Ironman Arizona was just this past Sunday.  It’s really like its own little holiday for those of us crazy triathletes in the Phoenix area.  (I know I get excited every year whether I’m entered to race it or not!)  This year, my husband, Jason, and I did a few volunteer shifts.  Between the volunteer shifts and the extreme spectating that we do for our friends, it leaves us with little time for elaborate meals.  But, that doesn’t mean I forego making real food as fuel because time is short.  So, I’m sharing this quick and easy chicken salad that I made this weekend during the craziness.  I hope you enjoy!
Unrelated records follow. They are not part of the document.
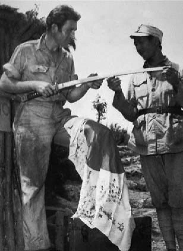 9月11日,拿下松山后一名中国兵和一名美军顾问共同欣赏缴获的日本军刀。
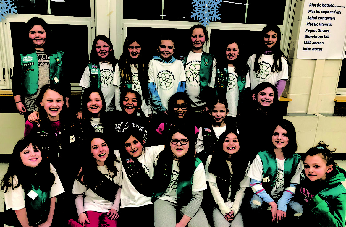 Granby Brownie Troop 66192 and Junior Troop 66475 kicked off a recycling program at Wells Road School. The scouts participated in the planning, morning announcements and direction of other students for the first weeks of the recycling program.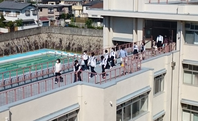 素晴らしい秋晴れのもと、64組105名の中学生にご参加いただきました。密集をさせるため、説明会場も2か所にしての運営となりました。生徒会執行部や本校教員による学校概要の説明に続いて、学校施設の見学を行いました。プログラムの最後には、本校自慢の天体望遠鏡で太陽黒点とプロミネンスを観察するオプションもつけました。これが思いのほか好評でした。またクラブ活動も多く実施していたことから、じっくり見学していただくこともできました。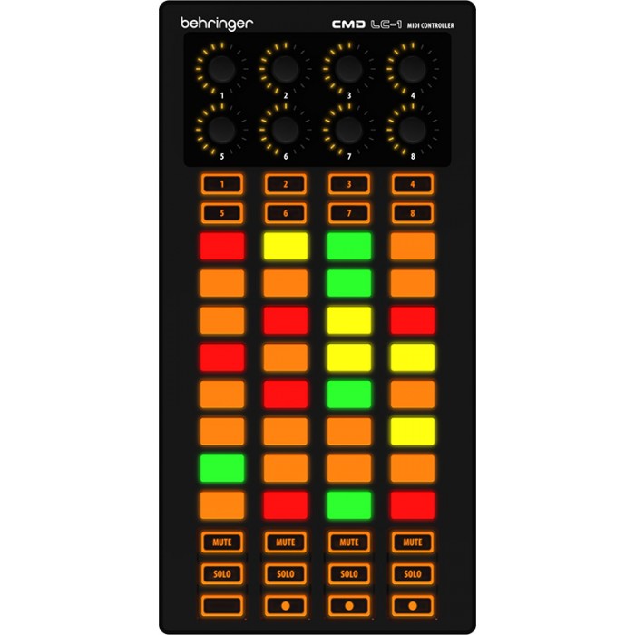 Behringer CMD DV-1 - представляет собой мощный триггерный USB-MIDI модуль для работы с программным обеспечением Ableton Live и другими программами. Клип-секция имеет 4х8 кнопок с 4-цветной индикаторной подсветкой – обратная связь по MIDI. Секция контроля эффектов с 8 поворотными регуляторами и 8 кнопками располагается над клип-секцией. Ниже клип-секции - канальные кнопки Mute, Solo и кнопки включения записи.

½ of a roasted chicken (it was IMAZ weekend, so I bought a rotisserie chicken from Costco and used that)

4 green onions, sliced

2 stalks of celery, chopped

Dried cranberries (this salad needs a sweet element – raisins, currents or fresh, halved grapes will do, whatever you have on hand)

About a ½ cup of chopped walnuts

½ cup of plain Greek yogurt

½ cup of mayonnaise

About 1 teaspoon of curry powder (I used hot because we like spice)

Salt and pepper to taste

1 head of mini-romaine lettuce (or half of a regular head of romaine), chopped

Sliced radishes, to taste

Sliced cucumbers, to taste

Shred the chicken wing, breast, leg and thigh into bite-sized pieces.  Toss into a bowl along with the green onions, celery, cranberries, and walnuts.  Mix the yogurt, mayo, curry powder, salt and pepper in a small bowl.  Add the yogurt mixture to the bowl of chicken.  Stir to thoroughly incorporate.

Divide the chopped lettuce, radishes and cucumbers between two plates.  Spoon the chicken salad on top of the veggies.  You’ll have more than enough chicken for two people.  The left-overs make a great lunch!